Mike White’s The White Lotus is a perfect modern mirror. To me, all three seasons reflect the quiet absurdities that can oftentimes distort our sense of inner power and self-worth. Though surrounded by beauty and privilege, his characters always seem trapped in a hiss of existential unease. Season 3 again exposes how this feeling of inadequacy is a constant hum beneath our surface, especially in our closest relationships.
And Yes, I watched and laughed, identifying all too well the cosmic joke of it all: the trap is self-made. But I wasn’t laughing when I found myself trapped in the same hisssss. Somehow, somewhere along the way, I’d relinquished my power, and handed it over to my daughter. Suddenly, like Princess-and-the-Pea, I found myself hypersensitive, easily bruised, and constantly reacting to the subtlest shifts in her behavior towards me and my husband. And then it was clear. She’d gone from being the tug-of-war rope between two jealous parents to the authority figure in the room—and she took a rascal’s delight in it.
I tried not to make it personal, but it pinned me to the ground, halting every bit of enthusiasm I had for life. There were days when she’d tell me to stay at home while she and Papa went for cupcakes. Or when she’d let him give her kisses but blatantly reject mine (although I do admit, my smothering overkissing tendencies might be to blame for this). Let’s be honest—it’s not something we talk much about, but I am certain most parents feel it from time to life-pinning time. More than anything, the jealousy rubbed my face down into the shame of wobbly desperation. I felt I was losing something I never thought I’d have to compete for.

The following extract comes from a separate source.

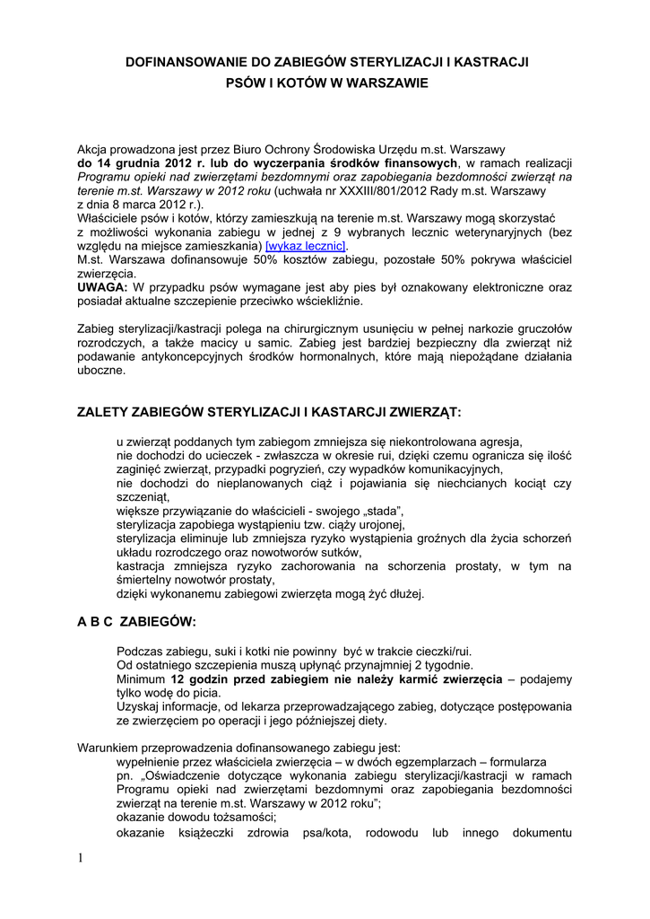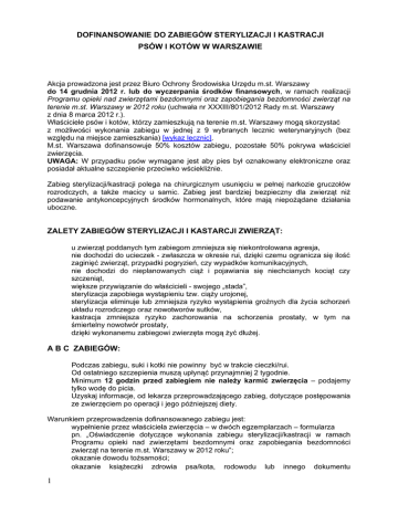 DOFINANSOWANIE DO ZABIEGÓW STERYLIZACJI I KASTRACJI PSÓW I KOTÓW W WARSZAWIE Akcja prowadzona jest przez Biuro Ochrony Środowiska Urzędu m.st. Warszawy do 14 grudnia 2012 r. lub do wyczerpania środków finansowych, w ramach realizacji Programu opieki nad zwierzętami bezdomnymi oraz zapobiegania bezdomności zwierząt na terenie m.st. Warszawy w 2012 roku (uchwała nr XXXIII/801/2012 Rady m.st. Warszawy z dnia 8 marca 2012 r.). Właściciele psów i kotów, którzy zamieszkują na terenie m.st. Warszawy mogą skorzystać z możliwości wykonania zabiegu w jednej z 9 wybranych lecznic weterynaryjnych (bez względu na miejsce zamieszkania) [wykaz lecznic]. M.st. Warszawa dofinansowuje 50% kosztów zabiegu, pozostałe 50% pokrywa właściciel zwierzęcia. UWAGA: W przypadku psów wymagane jest aby pies był oznakowany elektroniczne oraz posiadał aktualne szczepienie przeciwko wściekliźnie. Zabieg sterylizacji/kastracji polega na chirurgicznym usunięciu w pełnej narkozie gruczołów rozrodczych, a także macicy u samic. Zabieg jest bardziej bezpieczny dla zwierząt niż podawanie antykoncepcyjnych środków hormonalnych, które mają niepożądane działania uboczne. ZALETY ZABIEGÓW STERYLIZACJI I KASTARCJI ZWIERZĄT: u zwierząt poddanych tym zabiegom zmniejsza się niekontrolowana agresja, nie dochodzi do ucieczek - zwłaszcza w okresie rui, dzięki czemu ogranicza się ilość zaginięć zwierząt, przypadki pogryzień, czy wypadków komunikacyjnych, nie dochodzi do nieplanowanych ciąż i pojawiania się niechcianych kociąt czy szczeniąt, większe przywiązanie do właścicieli - swojego „stada”, sterylizacja zapobiega wystąpieniu tzw. ciąży urojonej, sterylizacja eliminuje lub zmniejsza ryzyko wystąpienia groźnych dla życia schorzeń układu rozrodczego oraz nowotworów sutków, kastracja zmniejsza ryzyko zachorowania na schorzenia prostaty, w tym na śmiertelny nowotwór prostaty, dzięki wykonanemu zabiegowi zwierzęta mogą żyć dłużej. A B C ZABIEGÓW: Podczas zabiegu, suki i kotki nie powinny być w trakcie cieczki/rui. Od ostatniego szczepienia muszą upłynąć przynajmniej 2 tygodnie. Minimum 12 godzin przed zabiegiem nie należy karmić zwierzęcia – podajemy tylko wodę do picia. Uzyskaj informacje, od lekarza przeprowadzającego zabieg, dotyczące postępowania ze zwierzęciem po operacji i jego późniejszej diety. Warunkiem przeprowadzenia dofinansowanego zabiegu jest: wypełnienie przez właściciela zwierzęcia – w dwóch egzemplarzach – formularza pn. „Oświadczenie dotyczące wykonania zabiegu sterylizacji/kastracji w ramach Programu opieki nad zwierzętami bezdomnymi oraz zapobiegania bezdomności zwierząt na terenie m.st. Warszawy w 2012 roku”; okazanie dowodu tożsamości; okazanie książeczki zdrowia psa/kota, rodowodu lub innego dokumentu 1 potwierdzającego prawa do zwierzęcia. Opracowane 26 czerwca 2012 r. 2

I was reading too much into her actions and words. And without realizing it, I was reinforcing a story, one that I was wrongly teaching both her and myself: that self-worth hinges on being wanted or chosen.
Most parents place themselves above their children—I was putting myself right underneath. I wasn’t leading. Instead, I was “awarding” her negative behavior towards me with magnifying-glass attention—making that what was important, and allowing that to fiddle with my sanity. My obsessiveness disallowed me to remember my strength and step into my rightful place—not above her, but as a rooted reliable mum. And before I knew it, I was training her to think how she spoke to me at any moment could make or break my happiness. And that tantrums yield power and affection can be used as a tool.
At only 5 years old, my daughter was surely just mirroring what she saw and felt—not from calculation, but instinct. They say, children don’t analyze, they emulate. She was trying to please dad by emulating him, while I—in my jello-like uncenteredness—was teaching her how to treat me.
This was my White Lotus. Beneath the surface, my husband and I were actively choreographing a covert emotional dynamic of moves and countermoves, past wounds, and a vicious calculation of who was winning.
Yes it’s shameful. But even more shameful, I was waiting for my daughter to fix it. I’d made her responsible for my feelings. I’d given her (and my husband) the power to change my mood. And irreverently abandoned my center.
But NOT FOR LONG. I flipt it on a dime. Like I said, behavior is learned—but it can be unlearned.
I was tired of being insecure. I have a life to live. Of morning Tom Kha broth, bright wind-kissed walks, creative ???, and the occasional surprise cuddles. I reclaimed my dignity from this self-spun haunt, and refused to continue letting pain and self-pity be my only allies.
Instead, I now try to meet my daughter as a mother reclaiming the peaceful but firm leadership a parent is meant to offer, and exemplify. When necessary, I withdraw myself from the emotional triangle (i.e. useless game) and plonk myself back into my lotus. In the right moments, I remind her to use that bright brain and kind heart I know she has, and I explain that instead of game-playing or acting out, we talk about our feelings without lying or being hurtful. I make sure to let her know I love her. And when the roiling tide comes rolling in again, I hold the line and hold the love—through a strategic but emotionally complete and grounded withdrawal from the drama.
Although things may never fully be in order, I’ll always remember the cosmic joke: there is no need to audition for a role I already have.